The night begins with a premiere by Emily Pedersen, described as a “new extraordinary talent” by Faber Music Publishing. Having already amassed a collection of compositional prizes and had her music performed up and down the country, the young composer finds herself on many a ones-to-watch list. Her music tends to focus around narrative, and is full of emotional charge – setting the perfect tone for the programme that follows.

Students playing in an orchestra
Robin Clewley.

Another hugely talented student – Winnie Su – takes to the stage to perform the piece with which she won the RNCM 2023 Concerto Competition: Beethoven’s 4th Piano Concerto. Gently spoken and remarkably poetic, the concerto’s intimate and unprecedented solo piano opening prepares the scene for one of Beethoven’s most profoundly introspective works.

Winnie says: “The moment you hear the first chord of Beethoven’s 4th Piano Concerto, you know you are in for something sublime. As a musician, embracing the multifaceted nature of this [work] is both a privilege and a challenge. We’re not just performers, we are also painters and actors. It’s a journey I eagerly anticipate sharing with my dearest friends playing in the orchestra and the audience at The Bridgewater Hall”.

Pianist Winnie Su. Image courtesy of the RNCM.

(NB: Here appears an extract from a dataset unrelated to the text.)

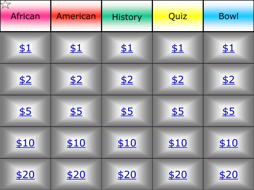 Jeopardy Trivia Game, Game, Quiz Black History Trivia Jeopardy In honor of black history month, we’ve pulled the following clues from the jeopardy! All you have to do is type the correct answer below. Results (10000 matching games) black history trivia (multiple choice). What is the name of the first black greek fraternity for college students?a. Black history jeopardy questions and answers. 3.7 (3 reviews) langston hughes was responsible. Black History Trivia Jeopardy.

The evening finishes in monumental style with Mahler’s 1st Symphony, known aptly as ‘Titan’. Premiered in 1889, by the Budapest Philharmonic Orchestra under the baton of the composer himself, the symphony’s initial reception was rather… troubled. Audiences were bewildered by its extreme and dramatic changes of mood. Some reviewers even called it ‘grotesque’. This set-off a complicated history for the piece, with multiple changes, additions of programme notes, re-writes, removal of programme notes, until it finally reached the iteration that is cherished today.

Like many of Mahler’s works, his obsession with existentialism permeates every corner of this symphony. Mahler himself wrote about the final movement, “The hero is exposed to the most fearful combats and to all the sorrows of the world. He and his triumphant motifs are hit on the head again and again by Destiny. Only when he has triumphed over death, and when all the glorious memories of youth have returned with themes from the first movement, does he get the upper hand, and there is a great victorious chorale!”.

Students playing in an orchestra
Robin Clewley.

Packed with musical mastery and emotional depth, this promises to be a sensational concert at The Bridgewater Hall.